New Microsoft Defender "RedSun" zero-day PoC grants SYSTEM privileges

What happened?
It has been reported that a proof-of-concept exploit called "RedSun" targeting Microsoft Defender was published online and allegedly allows an attacker to escalate privileges to SYSTEM on affected Windows hosts. The discovery, first covered by BleepingComputer, has set off alarms in the security community — and for good reason. A PoC that grants SYSTEM is not a minor footnote; it's the kind of tool that can turn a single foothold into full control.
Why it matters
SYSTEM privileges are the crown jewel for an attacker. With them, persistence, kernel-level manipulation, and wide-reaching data access become far easier.

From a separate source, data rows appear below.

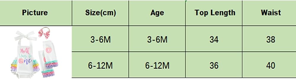 3-6M Length: 12.99 Waist: 14.96 Advised Age: 3-6 Months
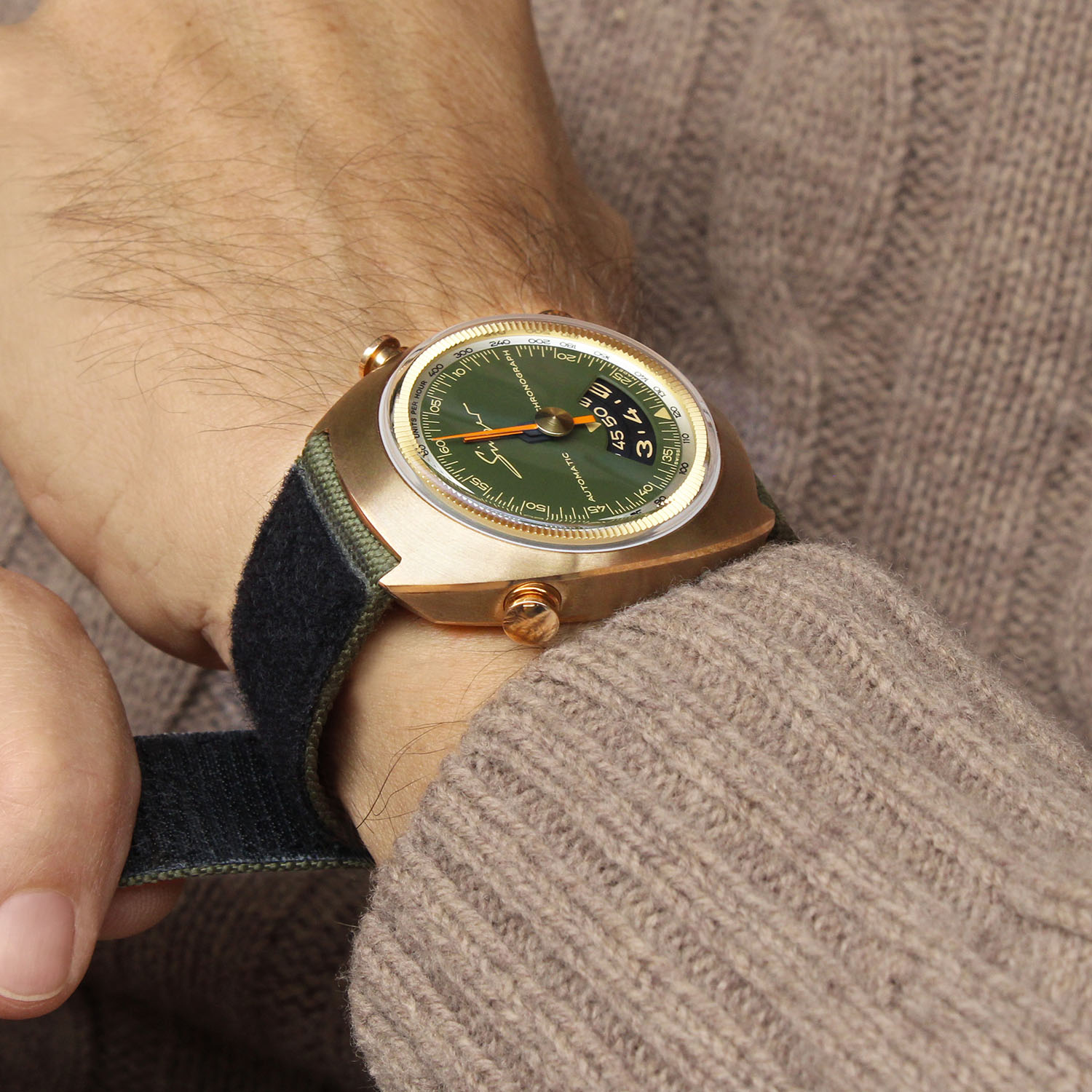 The dial, in matte green for the bronze case and sunray-grey for the steel case, relays the chronograph indications with orange hands.
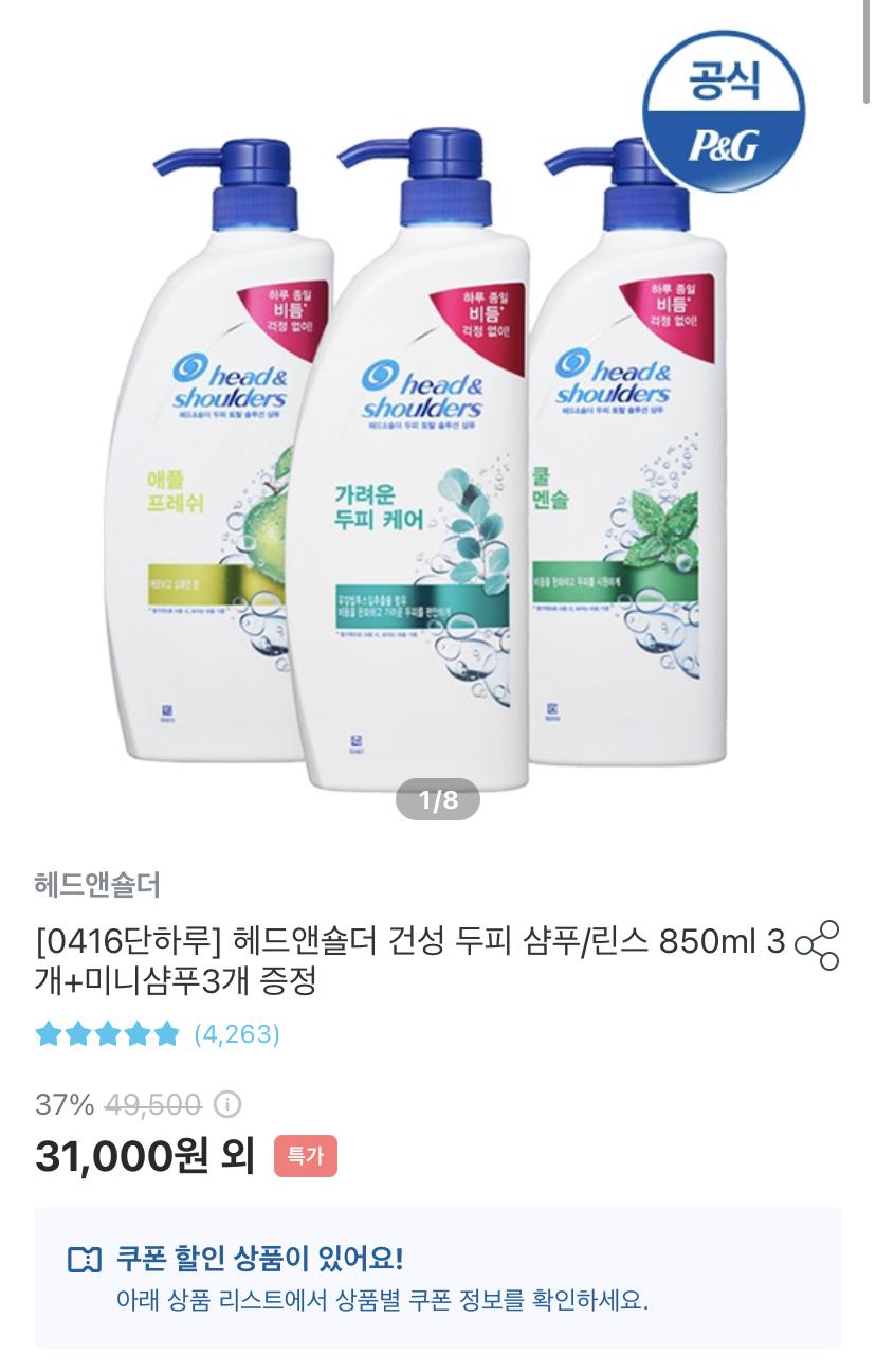 [오늘의집] 헤드앤숄더 샴푸/린스 850ml 3개+미니샴푸3개

Are Windows endpoints suddenly sitting ducks? Not necessarily — but the appearance of an exploit-capable PoC removes much of the friction for exploitation. It has been reported that defenders now face the twin tasks of assessing exposure and preparing containment while the vendor and researcher sort out disclosure details.
What to do
Until Microsoft issues guidance or a patch, treat this as high risk. Audit Defender telemetry, hunt for suspicious modifications, and apply standard hardening: limit administrative accounts, ensure endpoint detection and response is monitoring, and block untrusted code execution where possible. Remember: patching and signatures are only part of the picture. Defense-in-depth wins the day.
This episode is another reminder of a trend we've seen before — research and PoCs move fast, sometimes faster than mitigations. Will Microsoft respond quickly? Time will tell. For now, security teams should assume the worst and act like it.